And so, more contented than his brooding and troubled parent, Skippy piled up the flapjacks until they resembled the leaning tower of Pisa, and he whistled to the accompaniment of the sputtering coffee pot. All the world seemed delightful and generous with these savory dishes ready to be eaten, and he asked himself if his father wasn’t making much of little. After all, they had the Minnie M. Baxter for a home, didn’t they? And wasn’t living on a barge just the kind of life that he and his pals had often wished for when they had lain about their dusty dooryards on hot summer nights?

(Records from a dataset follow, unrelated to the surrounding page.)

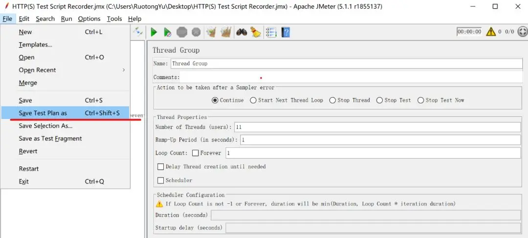 我们设置并录制好脚本,此时可以选择保存。然后我们就得到了一份jmx文件,于是,就可以用上面的命令加载这个文件实现无UI运行啦!
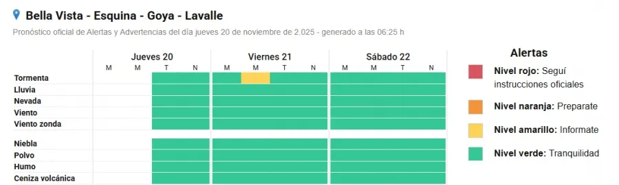 El reporte indica que las localidades afectadas serán: Bella Vista - Esquina - Goya - Lavalle.
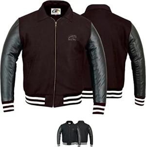 Collegejacke Blouson Wolljacke varsity College Jacke Lederärmel Retro 56 Dunkelbraun

The boy ran to the door, his tanned face flushed and expectant. He would tell his father how much better he was going to feel out on the river all summer than back in dusty, hot Riverboro where he had spent all his life. He would fish and swim and take lots of deep, lung-developing breaths. He’d probably never have another bad throat....
He inhaled deeply on the strength of this thought and though his lungs filled with a queerly mixed odor of mud, decayed fish and salt, he noticed it not at all. Moreover, the inlet might have been a clear, wind-swept ocean waste, so far above the Basin had his imagination carried him.
A figure stirred in the shadows forward and then he heard the familiar tread of his father. Suddenly on the damp salt breeze they heard the distant sound of chimes and waited silently while the faint notes struck off the hour of ten.
“Pretty late to eat, huh Pop? Everythin’s ready, so you better come while it’s hot.”
“Yer know where them chimes come from?” Toby asked in a tone of voice that was strange to his son. “They come from River Heights on that swell Town Hall what Ol’ Flint give to the borough. Now I s’pose he’ll give the three hunderd dollars he cheated me outa, fer somethin’ else what’ll give him a big name, hey? That’s what some uv them scoundrels like Ol’ Flint do—give their dirty money ter things what’ll give ’em a fine big name. Well, he won’t git the chanct ter give my three hunderd—not while I live!”
Josiah Flint again! Skippy’s heart lost all its merry hopes in a fleeting second. He turned back into the cabin and his father followed him in gloomy silence. Mechanically, he carried the steaming plate from the oil stove to the rickety little oil-cloth covered table and without a word they pulled up their chairs and sat down.
“I never tole yer before,” said Toby after a few moments, “but if it wasn’t fer Ol’ Flint there wouldn’ never ’a’ been no squatter colony like this in Brown’s Basin. It’s him what’s made it, that’s what. They’re all blackballed men, Sonny; men what’s got in Ol’ Flint’s clutches an’ ain’t never got the chance nor the brains ter git out. Not like me that had a little more brains ter earn bigger money so’s I could save fer the Minnie M. Baxter. Save!” He brought his fist down upon the table with such force that a flapjack bounced from his plate to the floor. “Ha, ha—what for did I save, hey?”
He laughed so sardonically that Skippy hurried for the coffee to hide his concern.
“Aw, please don’t take on so, Pop!” His eyes were directed at Toby’s back. “Gee, that old miser, he ain’t worth you actin’ so queer an’ all. It ain’t so bad here. It’s a nice little house we got in this cabin; chairs an’ the stove an’ a table an’ our trunk.” His glance wandered to the tiny windows opened to the damp salt breeze. “Even I bet I could put up some cretonne stuff as good as a girl an’ then won’t this be one nice-lookin’ little place!”